» **Exercise description**
In the listing that follows, the range to quote begins at the line that has "The HAMPTON AX2418, part" and ends after the line that has "วันที่ 17 กุมภาพันธ์"; quote it verbatim and add nothing.

Data in this exercise: Begin

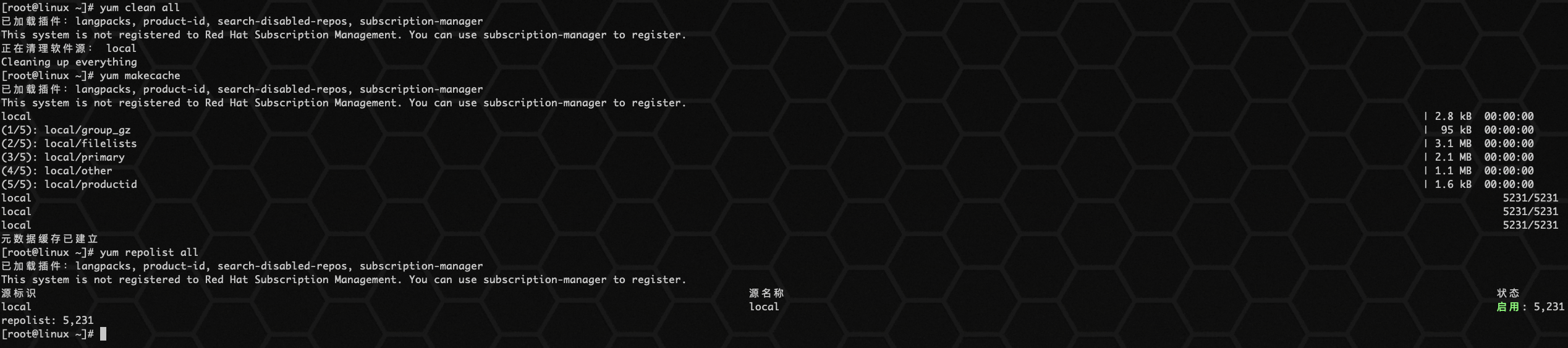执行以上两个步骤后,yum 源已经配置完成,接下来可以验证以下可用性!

Data in this exercise: End
Data in this exercise: Begin

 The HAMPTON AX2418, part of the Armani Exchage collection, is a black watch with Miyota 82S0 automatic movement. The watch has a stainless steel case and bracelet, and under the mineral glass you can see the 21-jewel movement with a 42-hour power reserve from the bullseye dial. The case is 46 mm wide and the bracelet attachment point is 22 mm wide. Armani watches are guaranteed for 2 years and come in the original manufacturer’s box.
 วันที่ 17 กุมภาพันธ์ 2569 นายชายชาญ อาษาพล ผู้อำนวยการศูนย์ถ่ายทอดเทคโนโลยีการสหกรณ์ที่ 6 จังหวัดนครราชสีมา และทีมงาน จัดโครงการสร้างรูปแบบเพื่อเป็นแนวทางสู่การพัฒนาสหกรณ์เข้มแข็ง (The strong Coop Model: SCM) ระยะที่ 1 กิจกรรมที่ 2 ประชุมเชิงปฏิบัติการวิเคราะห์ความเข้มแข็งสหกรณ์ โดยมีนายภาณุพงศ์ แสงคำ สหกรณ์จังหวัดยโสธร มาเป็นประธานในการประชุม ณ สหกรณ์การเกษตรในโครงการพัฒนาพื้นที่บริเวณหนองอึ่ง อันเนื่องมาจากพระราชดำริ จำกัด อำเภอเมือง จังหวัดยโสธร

Data in this exercise: End

» **Response to this exercise**
 The HAMPTON AX2418, part of the Armani Exchage collection, is a black watch with Miyota 82S0 automatic movement. The watch has a stainless steel case and bracelet, and under the mineral glass you can see the 21-jewel movement with a 42-hour power reserve from the bullseye dial. The case is 46 mm wide and the bracelet attachment point is 22 mm wide. Armani watches are guaranteed for 2 years and come in the original manufacturer’s box.
 วันที่ 17 กุมภาพันธ์ 2569 นายชายชาญ อาษาพล ผู้อำนวยการศูนย์ถ่ายทอดเทคโนโลยีการสหกรณ์ที่ 6 จังหวัดนครราชสีมา และทีมงาน จัดโครงการสร้างรูปแบบเพื่อเป็นแนวทางสู่การพัฒนาสหกรณ์เข้มแข็ง (The strong Coop Model: SCM) ระยะที่ 1 กิจกรรมที่ 2 ประชุมเชิงปฏิบัติการวิเคราะห์ความเข้มแข็งสหกรณ์ โดยมีนายภาณุพงศ์ แสงคำ สหกรณ์จังหวัดยโสธร มาเป็นประธานในการประชุม ณ สหกรณ์การเกษตรในโครงการพัฒนาพื้นที่บริเวณหนองอึ่ง อันเนื่องมาจากพระราชดำริ จำกัด อำเภอเมือง จังหวัดยโสธร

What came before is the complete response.